Copeland M, Choi M, Bleiweiss IJ.

Department of Surgery, Mount Sinai Medical Center, New York, N.Y.

Saline-filled prostheses are currently the only type of prostheses available for cosmetic use in the United States because of concerns raised about the possibility of systemic toxicity of silicone-filled artificial mammary implants.

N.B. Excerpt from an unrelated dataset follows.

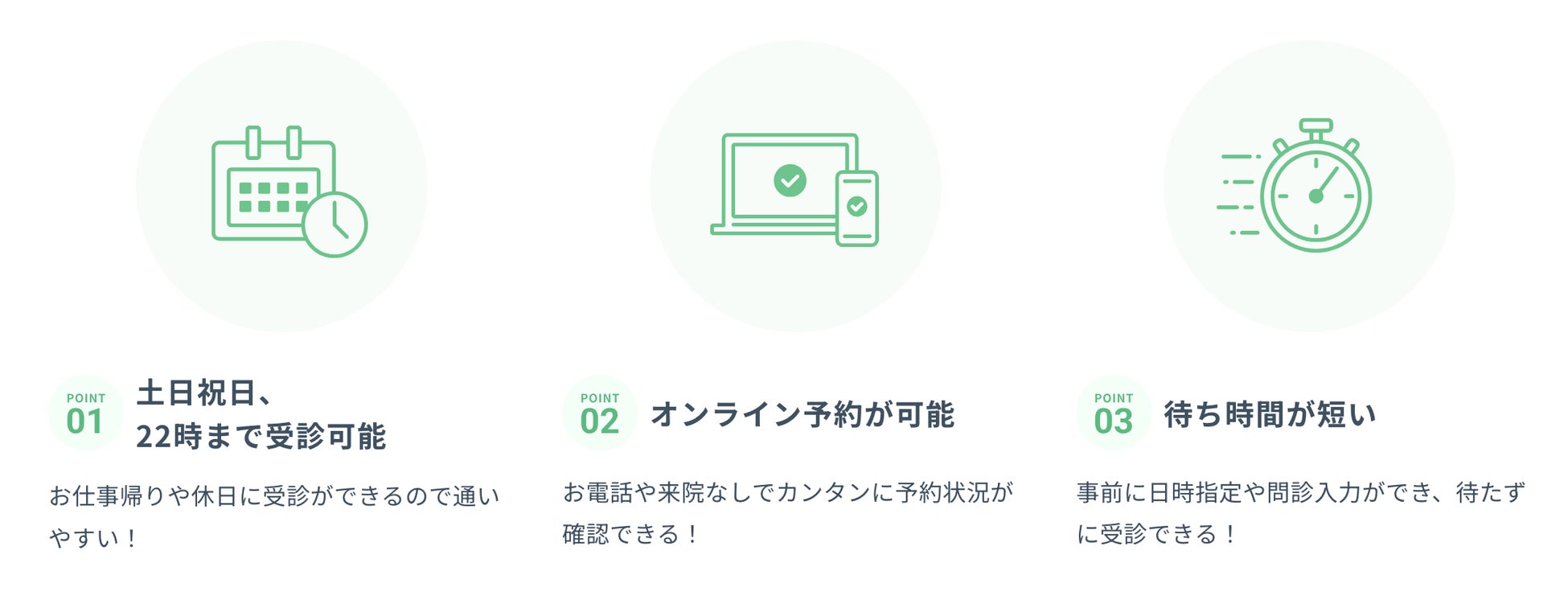 診察時間:平日・土日祝日 9:00-14:00 / 15:00-22:00

Although the approved implants are saline-filled, their potential to release silicone particles from the shells has not been systematically evaluated. We performed microscopic examination of the pericapsular tissue of 54 patients with textured-surface implants and compared these with 51 patients with smooth-walled implants over a 2-year period. The capsules that had formed around virtually all textured-surface implants had silicone fragments present either in extracellular spaces, in vacuolated histiocytes, or in the form of foreign-body granulomas in surrounding fibroadipose tissue but not in capsules associated with smooth-walled implants. In 87 percent of samples of pericapsular tissue from textured saline implants, the contact surface displayed exuberant reactive synovial metaplasia, a histologic pattern not previously described with these devices. Our findings suggest that smooth-walled prostheses are associated with less silicone fragmentation than textured devices in the peri-implant tissue capsules that tend to form around artificial surfaces used for this purpose.